Quite to the contrary, the federalists argued their new Constitution presented no such danger. The government could never impose a tyranny, Madison promised in The Federalist No. 46, since the regular army would find itself opposed by "a militia amounting to nearly half a million citizens with arms in their hands."

Note that the militia thus described by the very author of the Constitution was conceived as a force of common citizens who could oppose the orders of the government -- not obey and enforce them, like today's National Guard.

"The enshrinement of constitutional rights necessarily takes certain policy choices off the table," Justice Antonin Scalia wrote for the majority in the final decision of the court's nine-month term. "These include the absolute prohibition of handguns held and used for self-defense in the home. ... The inherent right of self-defense has been central to the Second Amendment right. The handgun ban amounts to a prohibition of an entire class of 'arms' that is overwhelmingly chosen by American society for that lawful purpose. The prohibition extends, moreover, to the home, where the need for defense of self, family and property is most acute. Under any of the standards of scrutiny that we have applied to enumerated constitutional rights, banning from the home 'the most preferred firearm in the nation to keep and use for protection of one's home and family,' would fail constitutional muster."
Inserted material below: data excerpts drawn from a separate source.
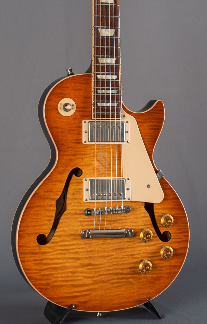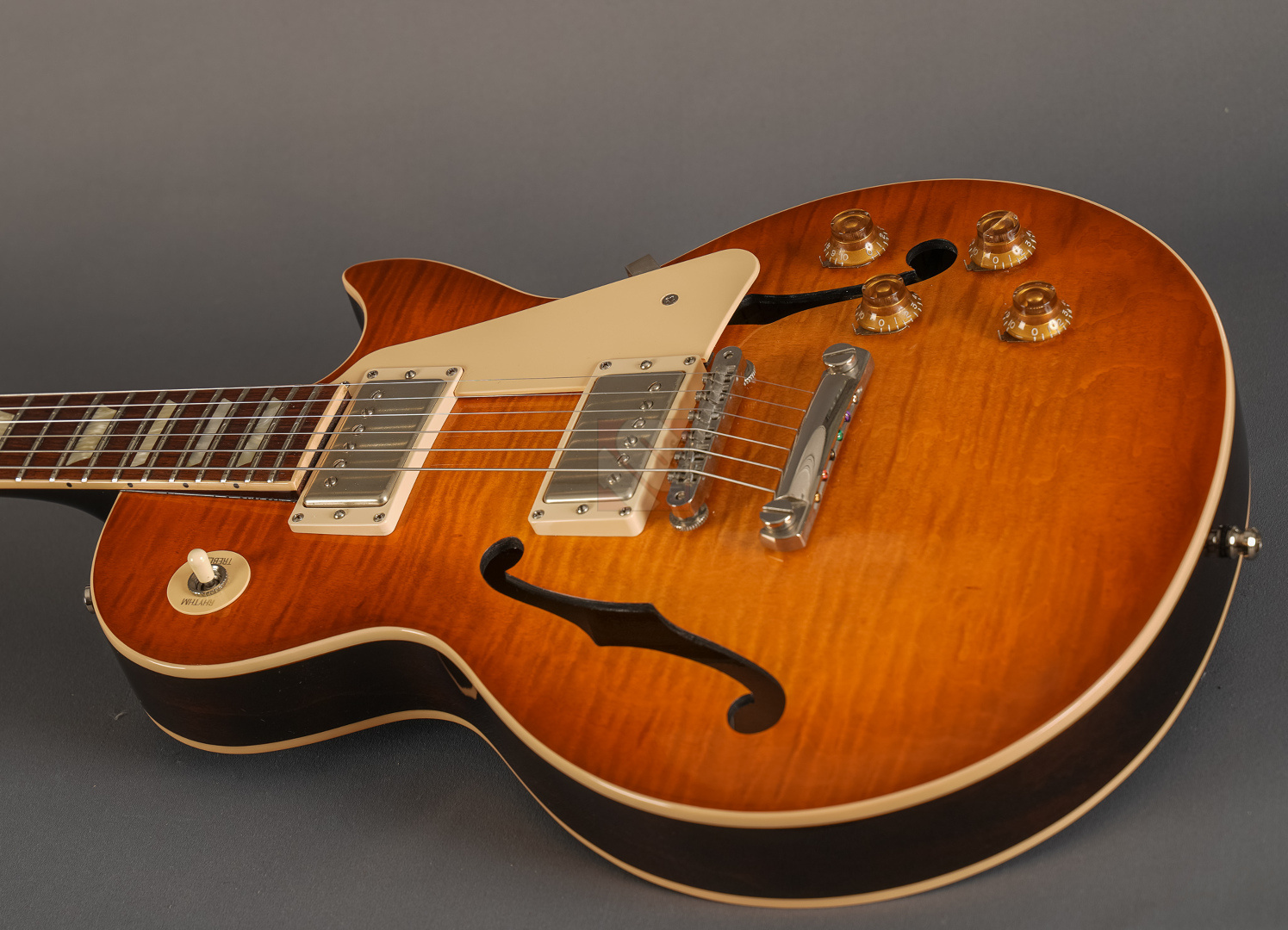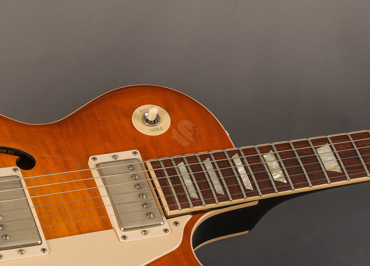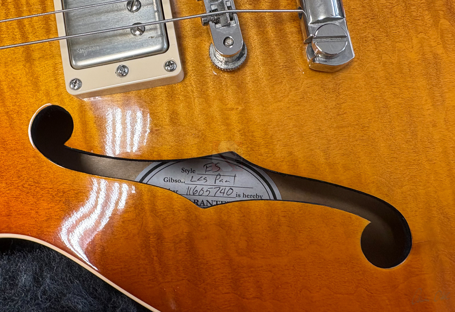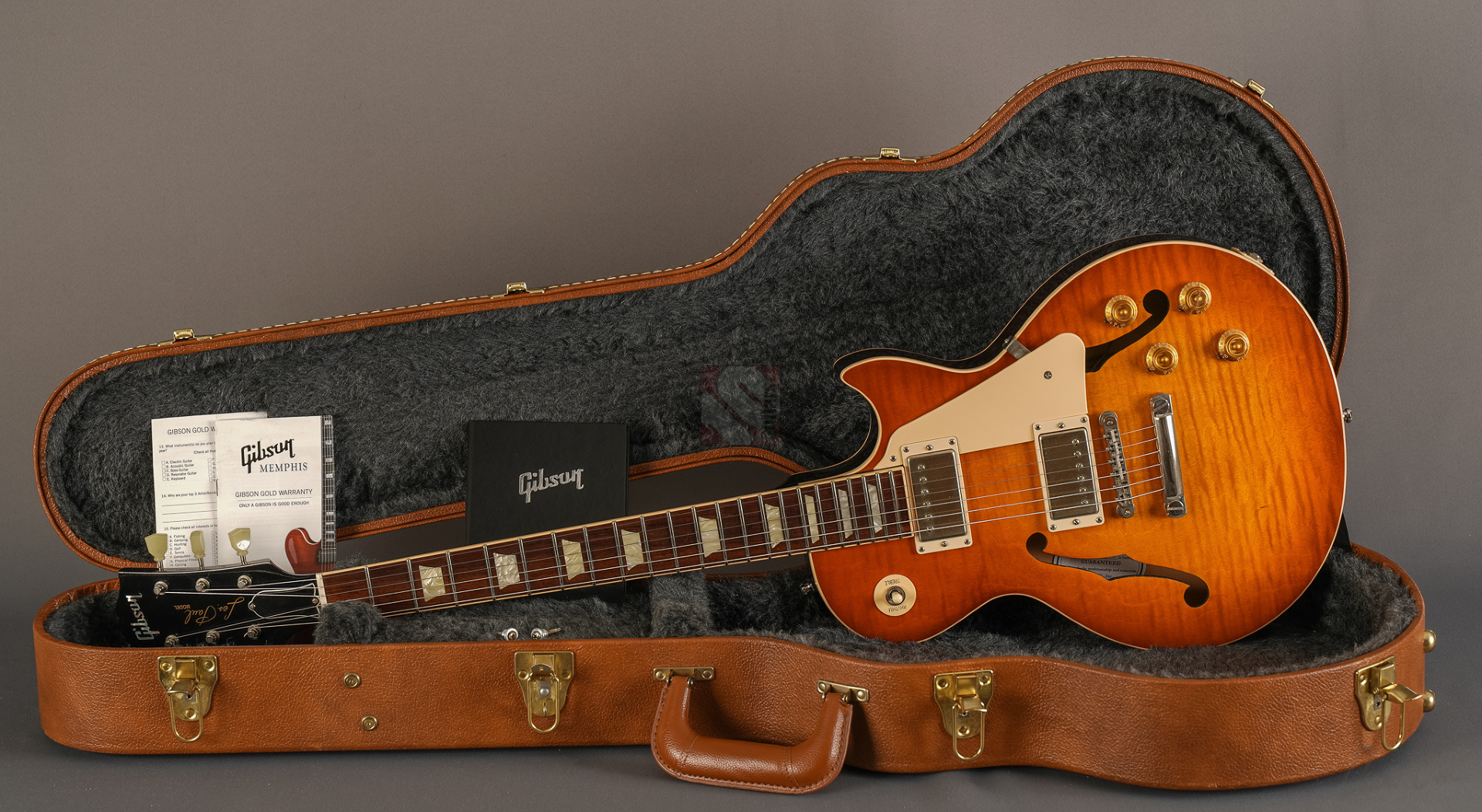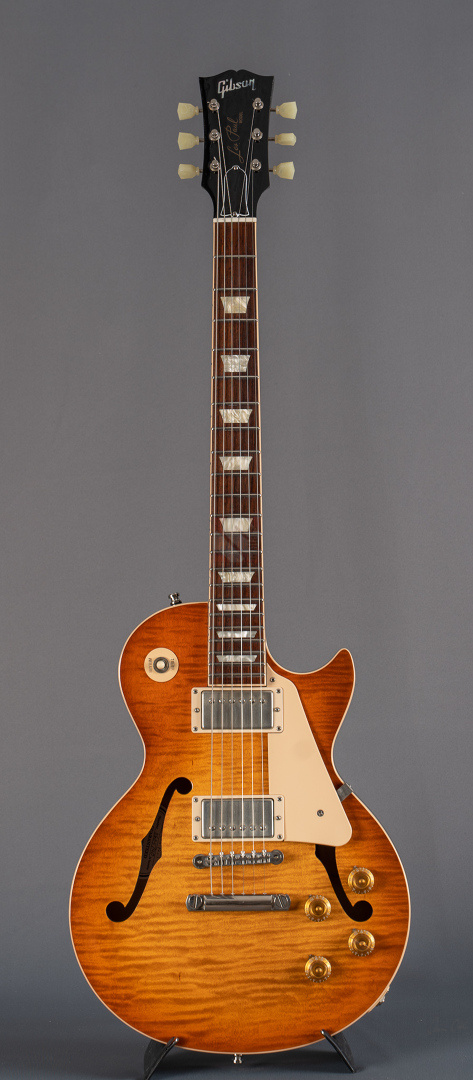 Today we are pleased to offer you a very special guitar from the Gibson Custom Shop in Memphis: an ES Les Paul that beautifully combines the best features of both series. While you will immediately be captivated by the iconic look of a Paula, you can also enjoy the extremely resonant tone of a semi-hollow and its superb light weight. In addition, Gibson's “Memphis Historic Spec” humbuckers, considered among the best PAF clones, have been installed. The neck pickup is warm, transparent, and three-dimensional with clean amp settings, never muddy or indistinct in the bass. Depending on the gain setting the bridge pickup impresses with snap, punch, and smack without ever being too intrusive. Crisp riffs come across just as naturally as chunky chords or fat leads. With the finest double-coil sound lovers of Classic Rock and Blues will feel right at home here. And it's no surprise that this gem is wonderfully comfortable to play thanks to its dream weight of only 2810 grams. The medium neck profile also fits perfectly in the hand and the perfectly dressed frets ensure the very best playing characteristics. We are delighted to be able to offer you this exclusive ES Les Paul except for coherent security locks (original pins included )in original top condition.
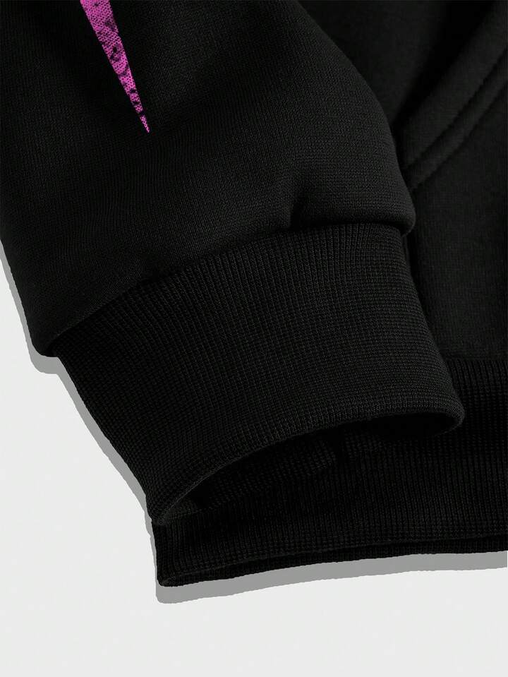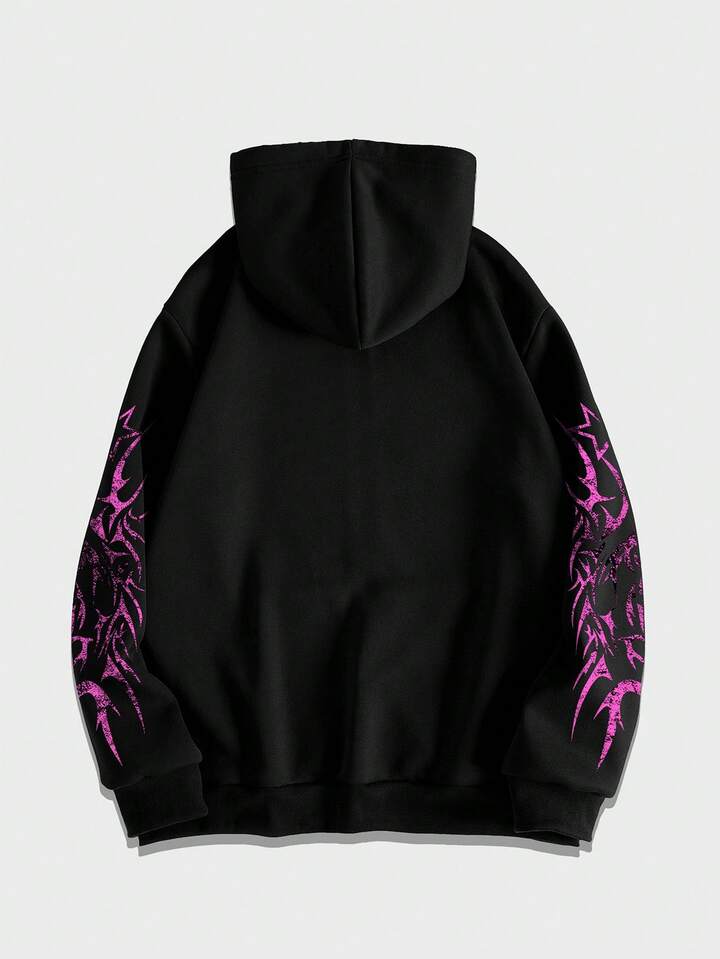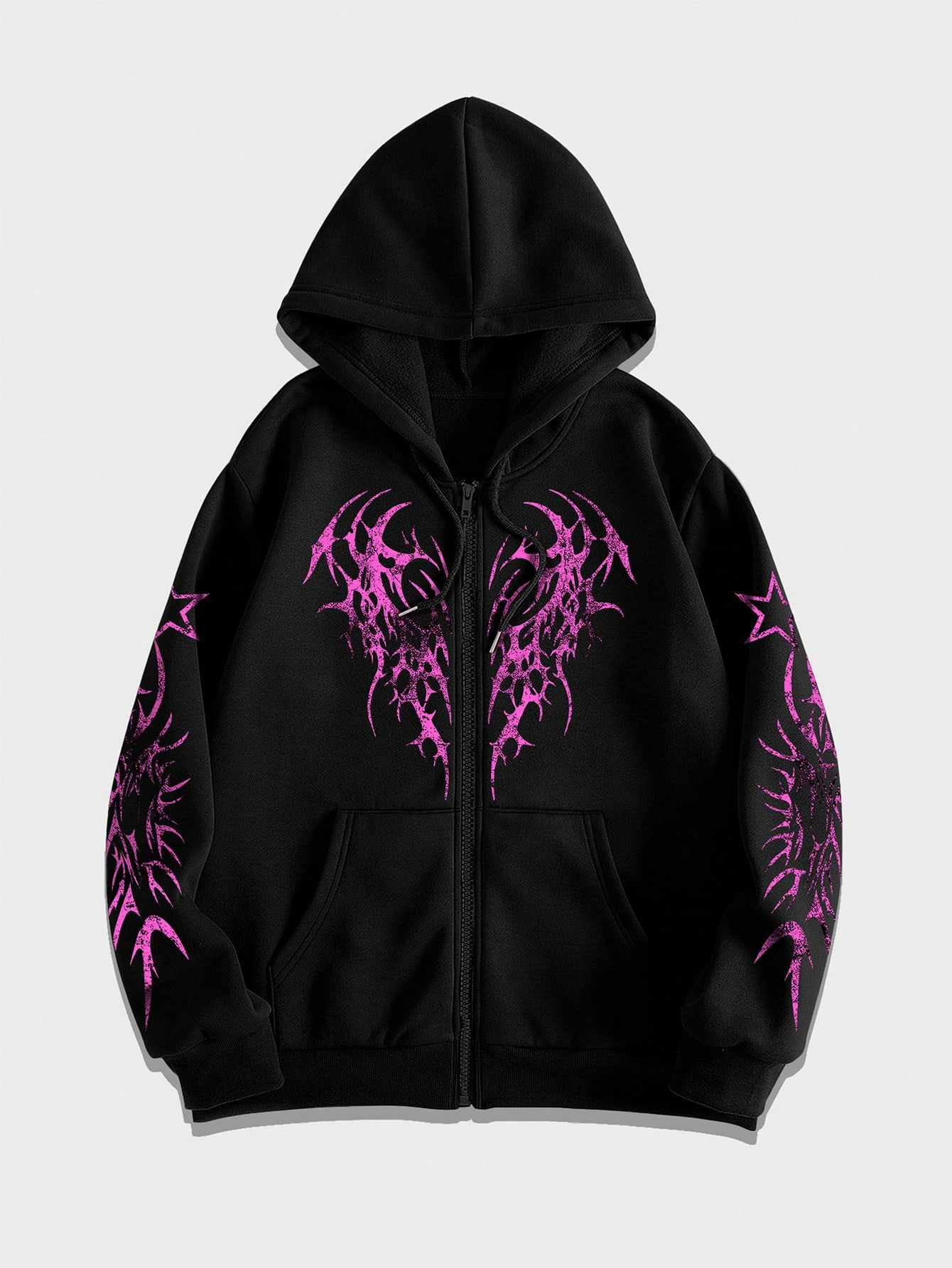 Men's Gothic Print Zip Front Drawstring Hooded Sweatshirt
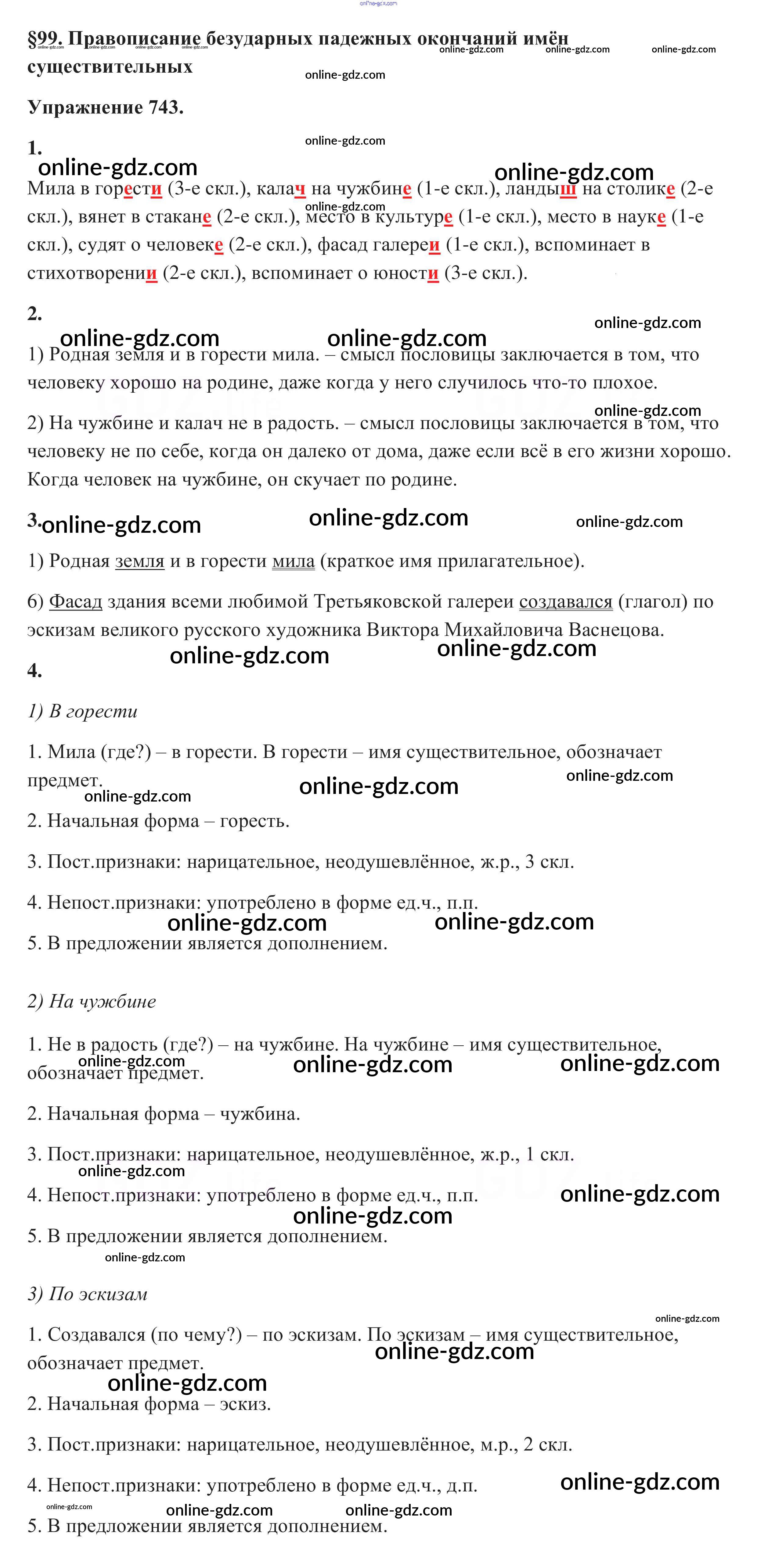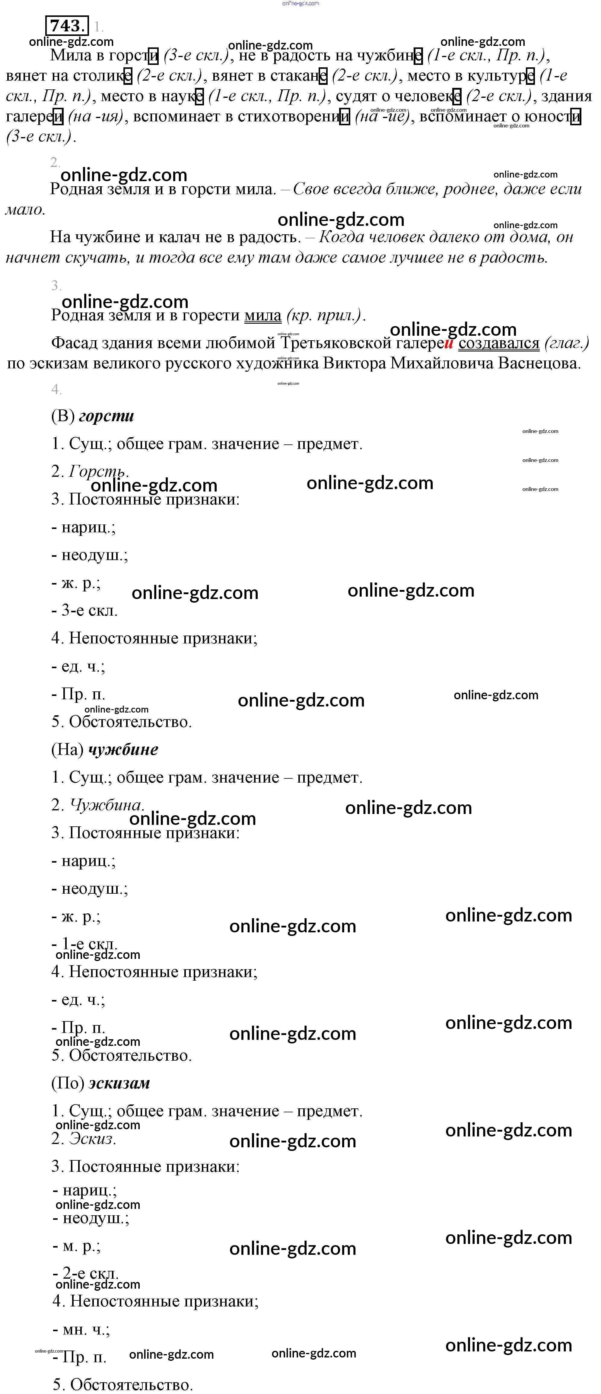 Готовые домашние задания по Русскому языку за 5 класс Учебник Разумовская, Львова 2014 - Упражнения 743
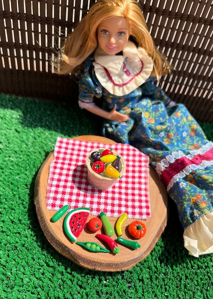 Minyatür oyuncaklardır. Mini meyve seti içeriğinde görseldeki 15 çeşit meyve, 1 adet sepet, 1 adet piknik örtüsü bulunmaktadır. Meyveler 0.9-2.5 cm boyutlarındadır. Sepet çapı 3 cm’dir. Barbie, Sylvanian Families, Lego Duplo, Miniş vb için uygun boyuttadır. Görseldeki bebek ve diğer objeler fotoğraf amaçlıdır, satılık değildir.
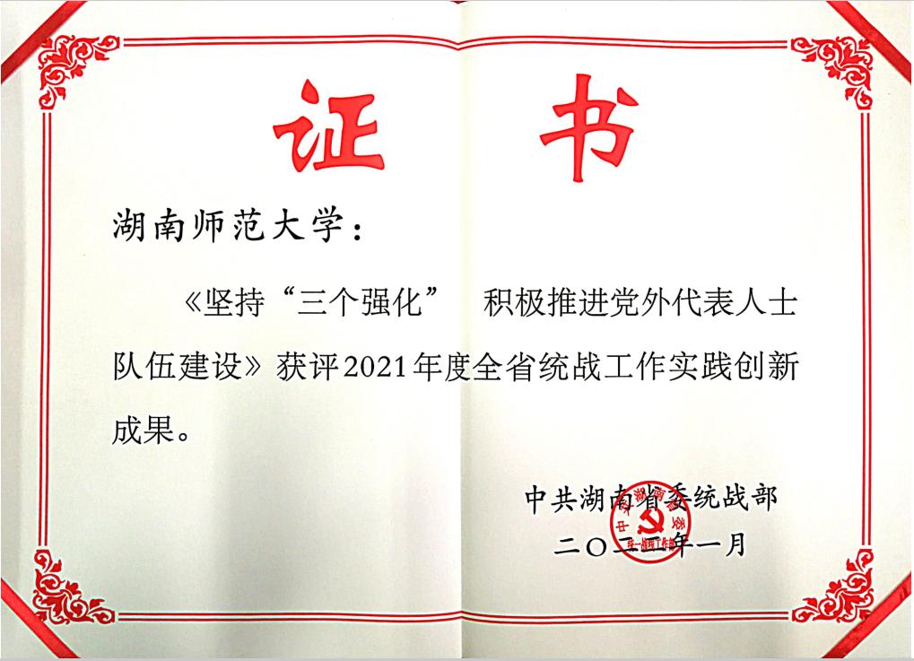 近日,湖南省委统战部通报了2021年度全省统战工作实践创新成果和统战理论政策研究创新成果评审结果,williamhill中国官网《坚持“三个强化”积极推进党外代表人士队伍建设》获评“2021年度全省统战工作实践创新成果”,校党委统战部荣获“2021年度全省统战理论政策调研工作先进单位”。
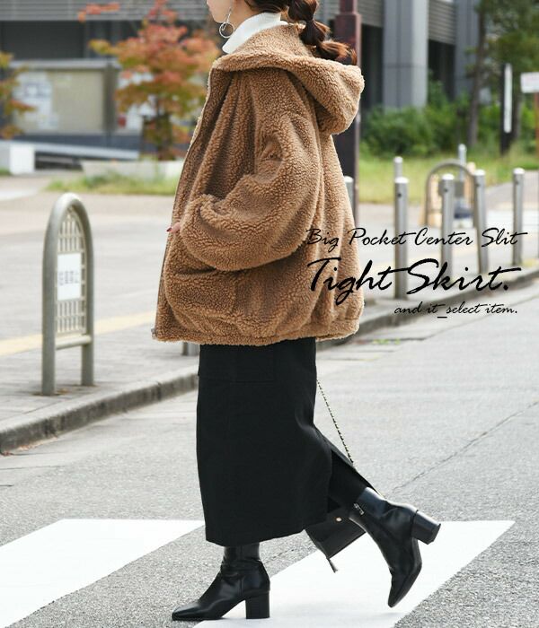 ラメ感が上品なツイード生地で大人な印象に。ラインを隠しつつ大人見えするタイトスカート♪

Justice Scalia's ruling also specifically addressed the requirement of the D.C. law under review that handguns be kept inoperable: "This makes it impossible for citizens to use them for the core lawful purpose of self-defense and is hence unconstitutional," the court found.

Critics -- and the court's dissenting minority -- worry the decision may make gun restrictions in Chicago, New York City and other cities more vulnerable to legal challenges. We hope so, though Justice Antonin Scalia, speaking for the court, stressed that nothing in the decision should be seen as challenging sensible laws that forbid felons or the mentally ill from having guns.

He also said governments can still regulate when and where people carry guns. For example, he specifically wrote that guns may still be prohibited near schools and in or near government buildings. "Like most rights, the right secured by the Second Amendment is not unlimited," Justice Scalia wrote.

Thursday's modest court decision is a solid step back toward a nation where Americans can believe the Constitution means what it says -- no matter how inconvenient the government may find it.